:: Supplied data ::
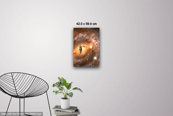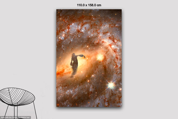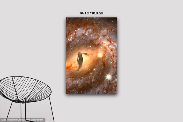 The swirling colors of the nebula create the vision of a female dancer in the stars. Her flowing figure seems to move with the cosmic currents, her body twisting gracefully through the heavens. The stars form her limbs, while radiant clouds of gas and light swirl around her, capturing a moment of elegant motion, as if the universe itself is performing a dance of light and energy.
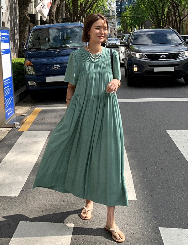 엘린 밴딩셔링 절개 플레어 롱 원피스
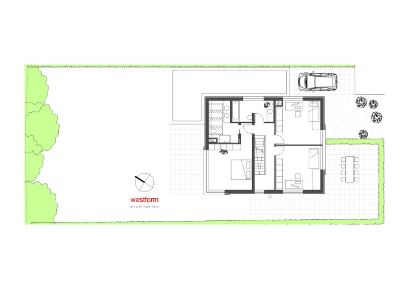 Westen und der Südterrasse. Im Obergeschoss sind zwei Kinderzimmer
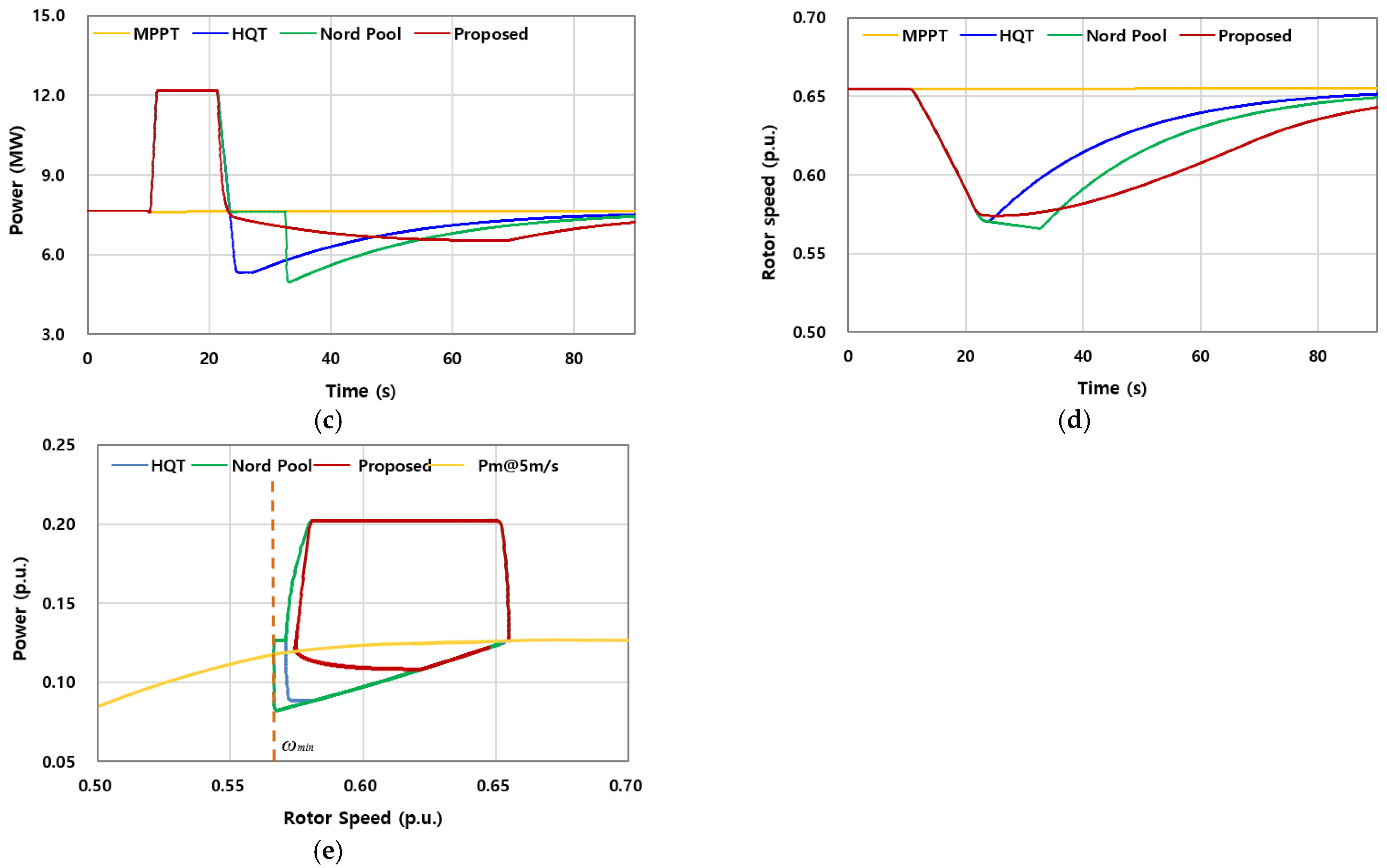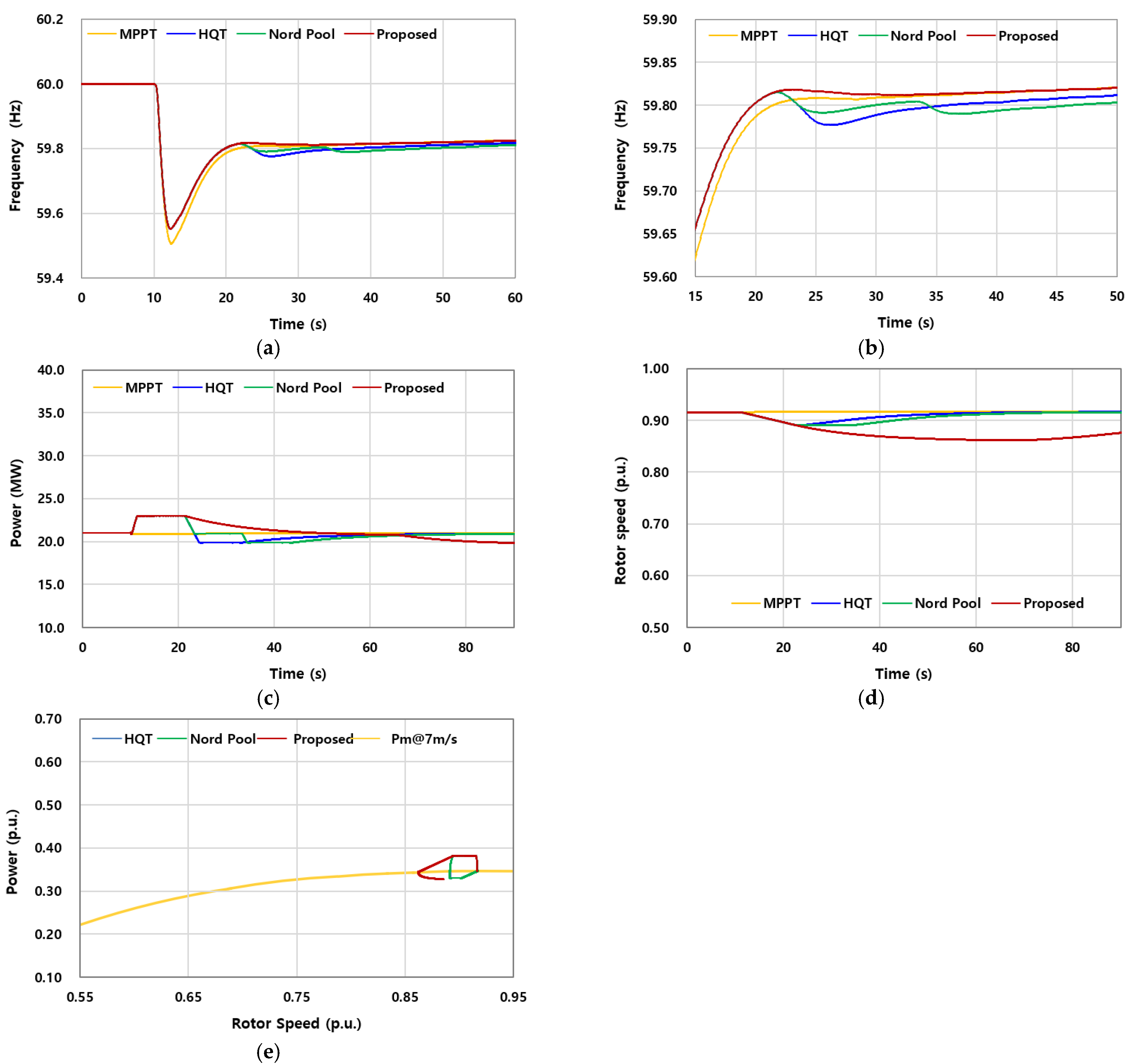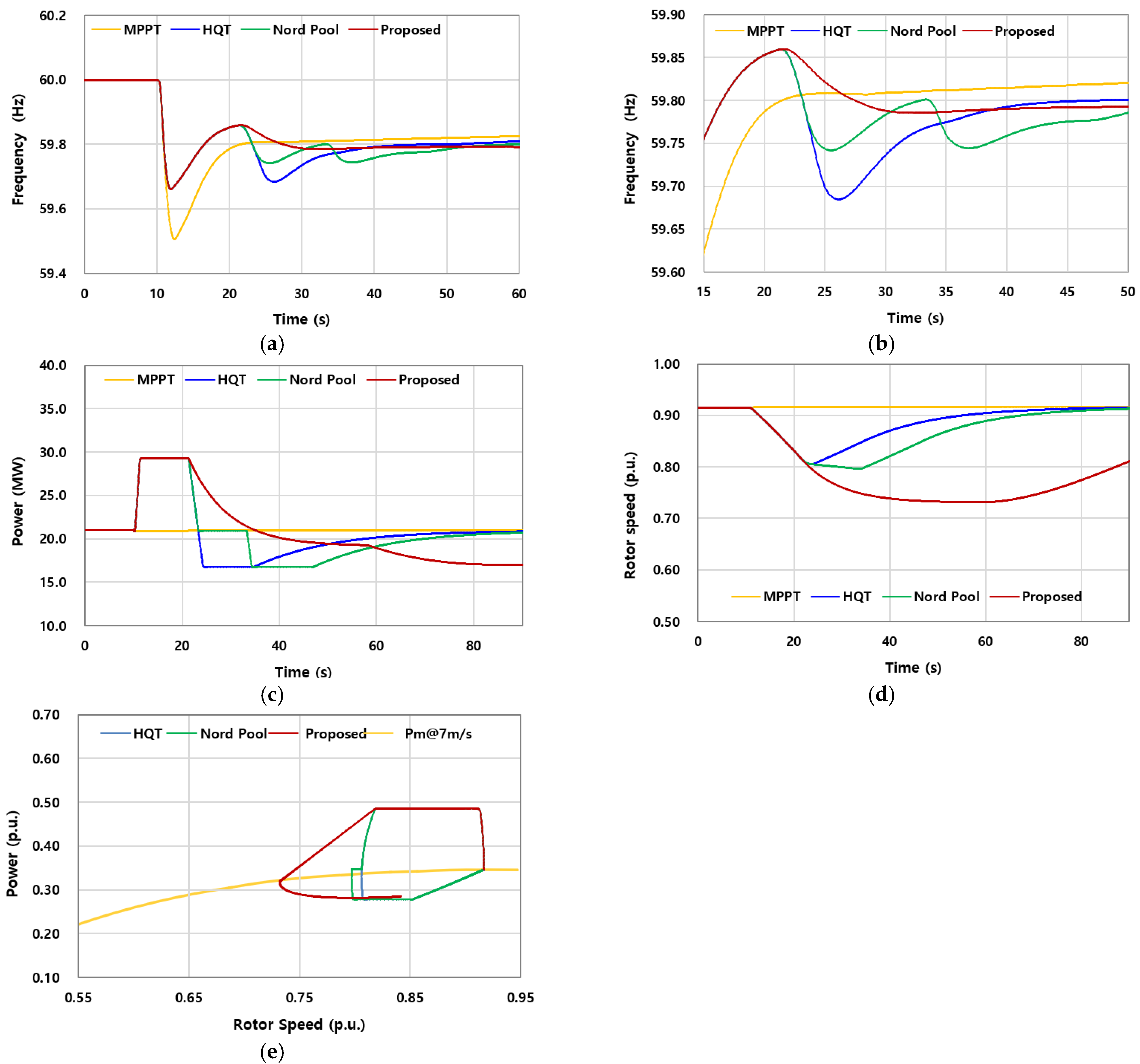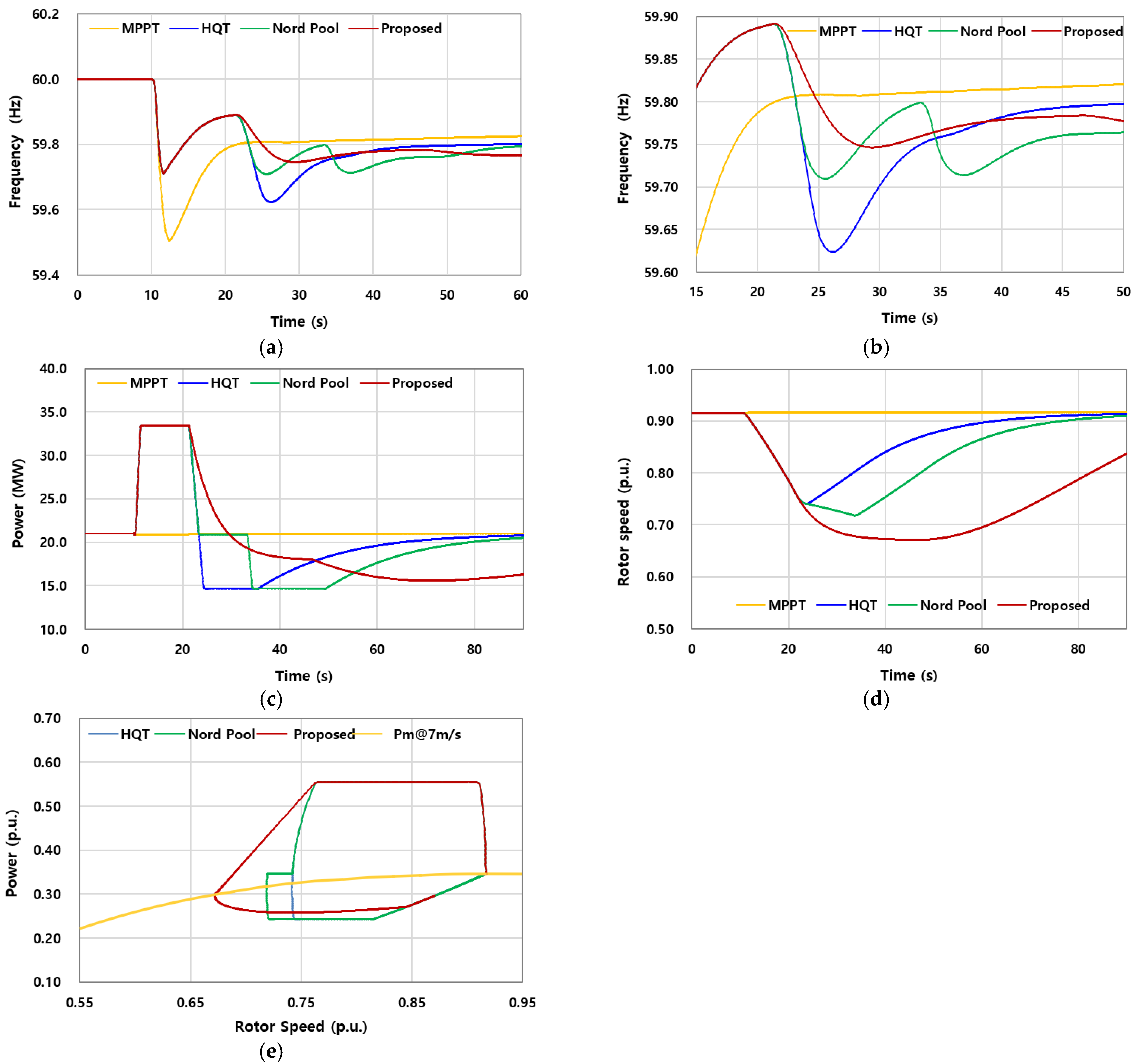 Figure 10d, the rotor maintained a significantly higher pre-event speed (0.891 p.u.), ensuring a substantial energy reserve. However, since the boost level was kept at only 10%, the actual extracted energy remained small: approximately 9% for HQT and Nord Pool, and 19% for the proposed scheme (
:::
Print every line above once more, exactly. Omit the pictures.

 The swirling colors of the nebula create the vision of a female dancer in the stars. Her flowing figure seems to move with the cosmic currents, her body twisting gracefully through the heavens. The stars form her limbs, while radiant clouds of gas and light swirl around her, capturing a moment of elegant motion, as if the universe itself is performing a dance of light and energy.
 엘린 밴딩셔링 절개 플레어 롱 원피스
 Westen und der Südterrasse. Im Obergeschoss sind zwei Kinderzimmer
 Figure 10d, the rotor maintained a significantly higher pre-event speed (0.891 p.u.), ensuring a substantial energy reserve. However, since the boost level was kept at only 10%, the actual extracted energy remained small: approximately 9% for HQT and Nord Pool, and 19% for the proposed scheme (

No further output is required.